--- Listed entries Enclosed Below ---

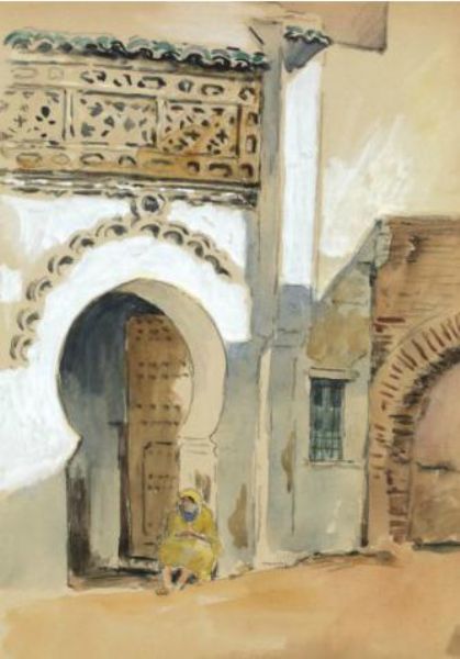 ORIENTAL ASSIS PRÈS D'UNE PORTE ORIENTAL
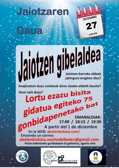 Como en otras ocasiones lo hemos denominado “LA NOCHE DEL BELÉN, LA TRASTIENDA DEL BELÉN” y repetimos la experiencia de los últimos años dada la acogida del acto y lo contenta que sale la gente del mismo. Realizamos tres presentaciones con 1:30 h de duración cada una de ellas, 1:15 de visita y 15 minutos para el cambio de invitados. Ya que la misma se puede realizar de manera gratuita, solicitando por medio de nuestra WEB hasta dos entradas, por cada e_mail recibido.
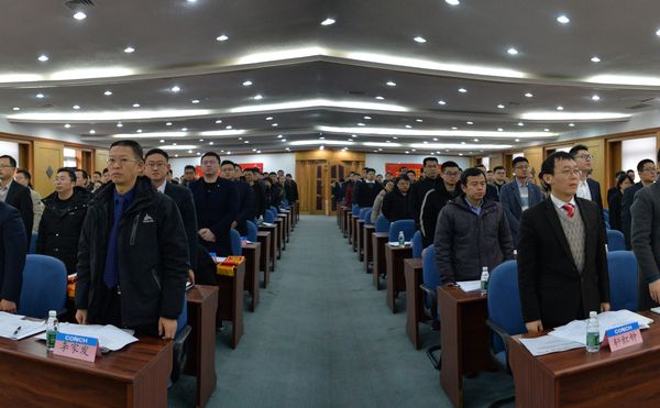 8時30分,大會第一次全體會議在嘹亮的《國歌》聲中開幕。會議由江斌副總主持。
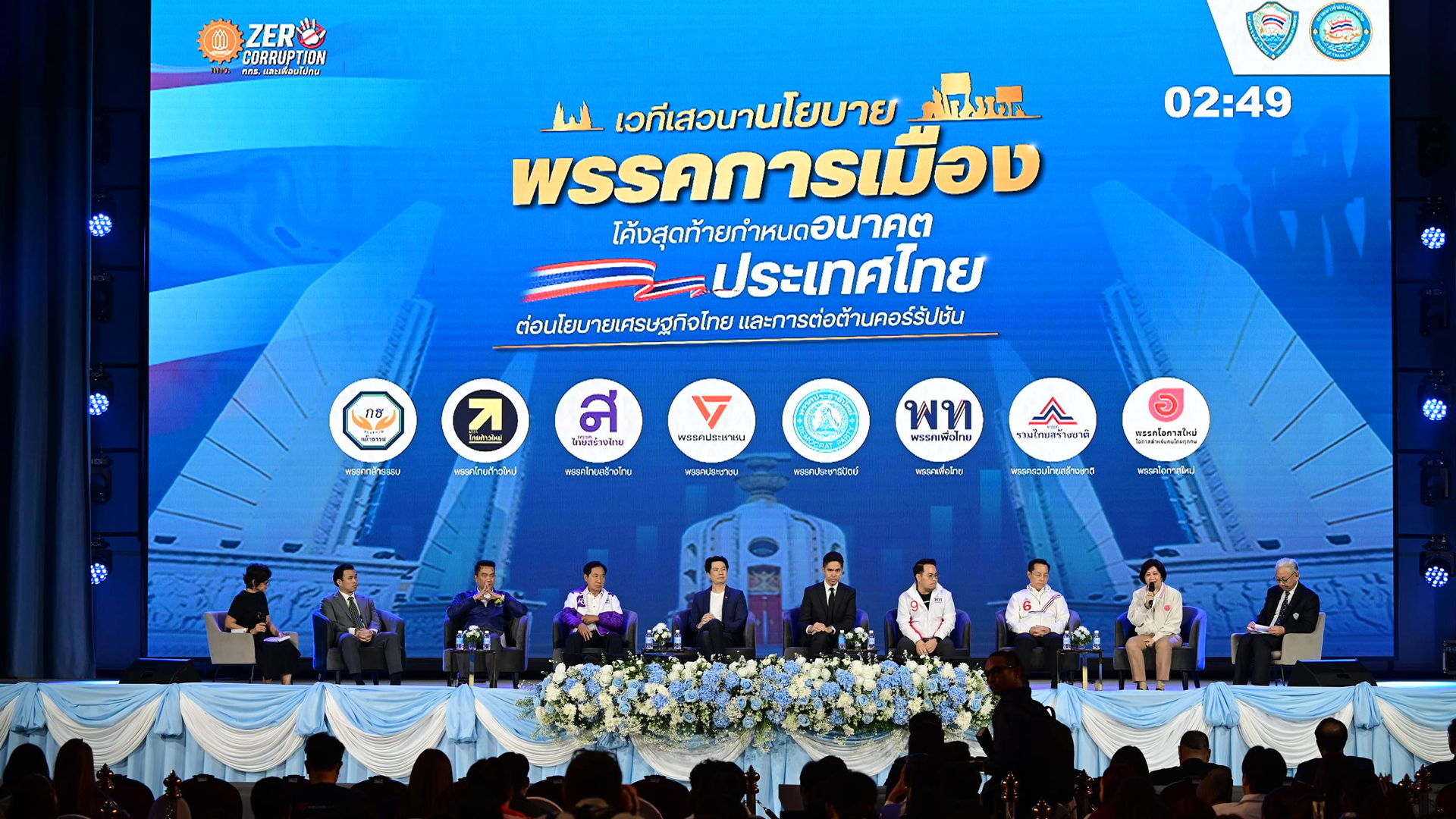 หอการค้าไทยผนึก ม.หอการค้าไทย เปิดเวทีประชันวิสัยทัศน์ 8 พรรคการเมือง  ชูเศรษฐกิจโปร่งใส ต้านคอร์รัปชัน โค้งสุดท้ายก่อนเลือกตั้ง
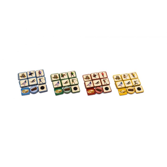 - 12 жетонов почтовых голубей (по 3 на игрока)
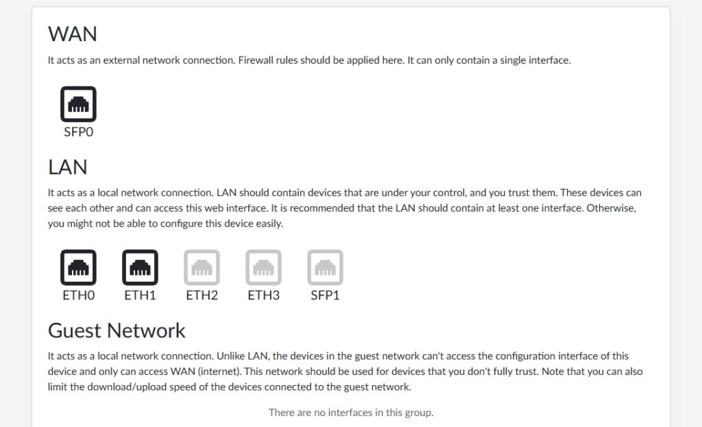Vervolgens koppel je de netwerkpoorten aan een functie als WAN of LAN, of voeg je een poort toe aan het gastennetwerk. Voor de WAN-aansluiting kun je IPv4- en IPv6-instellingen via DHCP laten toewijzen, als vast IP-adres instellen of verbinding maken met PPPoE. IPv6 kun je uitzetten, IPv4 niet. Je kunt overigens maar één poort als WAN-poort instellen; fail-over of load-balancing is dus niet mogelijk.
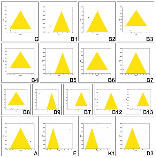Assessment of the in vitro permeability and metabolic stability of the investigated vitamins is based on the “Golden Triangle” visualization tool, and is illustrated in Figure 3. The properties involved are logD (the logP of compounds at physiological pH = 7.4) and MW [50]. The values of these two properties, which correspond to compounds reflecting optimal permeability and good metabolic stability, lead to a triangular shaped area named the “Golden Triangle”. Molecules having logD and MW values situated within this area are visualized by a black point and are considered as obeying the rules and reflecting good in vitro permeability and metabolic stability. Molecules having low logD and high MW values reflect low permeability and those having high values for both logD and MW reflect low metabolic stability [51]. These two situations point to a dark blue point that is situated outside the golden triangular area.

--- End of Enclosed Listed entries ---

Exercise directions:
Extract, without any images, the part of the material above that opens with the line containing "Como en otras" and closes with the line containing "- 12 жетонов", both lines included.

Solution to the problem:
 Como en otras ocasiones lo hemos denominado “LA NOCHE DEL BELÉN, LA TRASTIENDA DEL BELÉN” y repetimos la experiencia de los últimos años dada la acogida del acto y lo contenta que sale la gente del mismo. Realizamos tres presentaciones con 1:30 h de duración cada una de ellas, 1:15 de visita y 15 minutos para el cambio de invitados. Ya que la misma se puede realizar de manera gratuita, solicitando por medio de nuestra WEB hasta dos entradas, por cada e_mail recibido.
 8時30分,大會第一次全體會議在嘹亮的《國歌》聲中開幕。會議由江斌副總主持。
 หอการค้าไทยผนึก ม.หอการค้าไทย เปิดเวทีประชันวิสัยทัศน์ 8 พรรคการเมือง  ชูเศรษฐกิจโปร่งใส ต้านคอร์รัปชัน โค้งสุดท้ายก่อนเลือกตั้ง
 - 12 жетонов почтовых голубей (по 3 на игрока)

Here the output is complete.